[[ Material provided open ]]
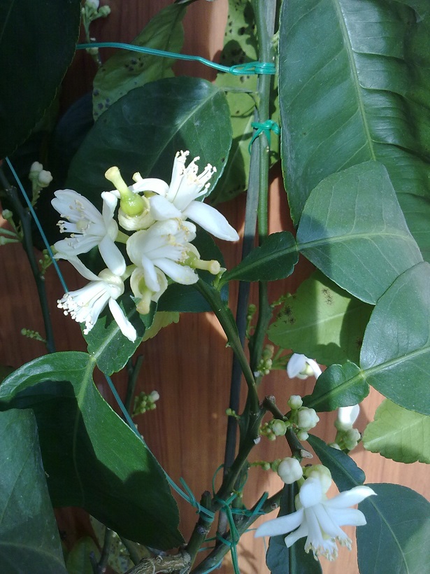 Также началось цветение грейпфрута, при этом не перестает гнать новые бутоны, хотя уже практически весь усыпан цветами
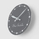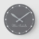 Trend Färg Slate Grått. Anpassningsbar Namn/namn är lätt att anpassa. Lägg till lite elegans i contemporaryn med chicens runda klocka i färgaden. Med delikata vita punkter för minut- och timmarkörer kan du ange ett anpassade för ditt namn i ett charmigt kalligrafiskt, handskrivet, tittar teckensnitt. Perfekt för att lägga till en stänk i färg till din hemskår. Anpassningsbar/Anpassadets hemdekoration. Enkel och ren design med solid färg för tidlös användning. Köp vår färger för höst- och vintertrenden för andra produkter med samma färg eller annan snyggt i färger.
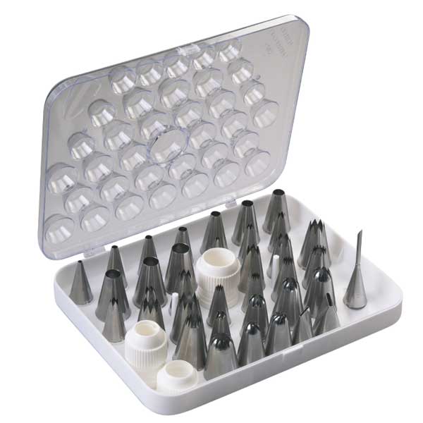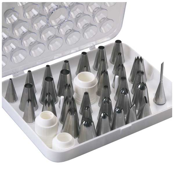 Komplet, sestavljen iz 36 različnih nastavkov iz nerjavečega jekla za dekoriranje in 3 adapterja.
[[ Material provided closed ]]
Repeat the material above precisely as it appears, omitting the images it contains.

▶ **Result**:
 Также началось цветение грейпфрута, при этом не перестает гнать новые бутоны, хотя уже практически весь усыпан цветами
 Trend Färg Slate Grått. Anpassningsbar Namn/namn är lätt att anpassa. Lägg till lite elegans i contemporaryn med chicens runda klocka i färgaden. Med delikata vita punkter för minut- och timmarkörer kan du ange ett anpassade för ditt namn i ett charmigt kalligrafiskt, handskrivet, tittar teckensnitt. Perfekt för att lägga till en stänk i färg till din hemskår. Anpassningsbar/Anpassadets hemdekoration. Enkel och ren design med solid färg för tidlös användning. Köp vår färger för höst- och vintertrenden för andra produkter med samma färg eller annan snyggt i färger.
 Komplet, sestavljen iz 36 različnih nastavkov iz nerjavečega jekla za dekoriranje in 3 adapterja.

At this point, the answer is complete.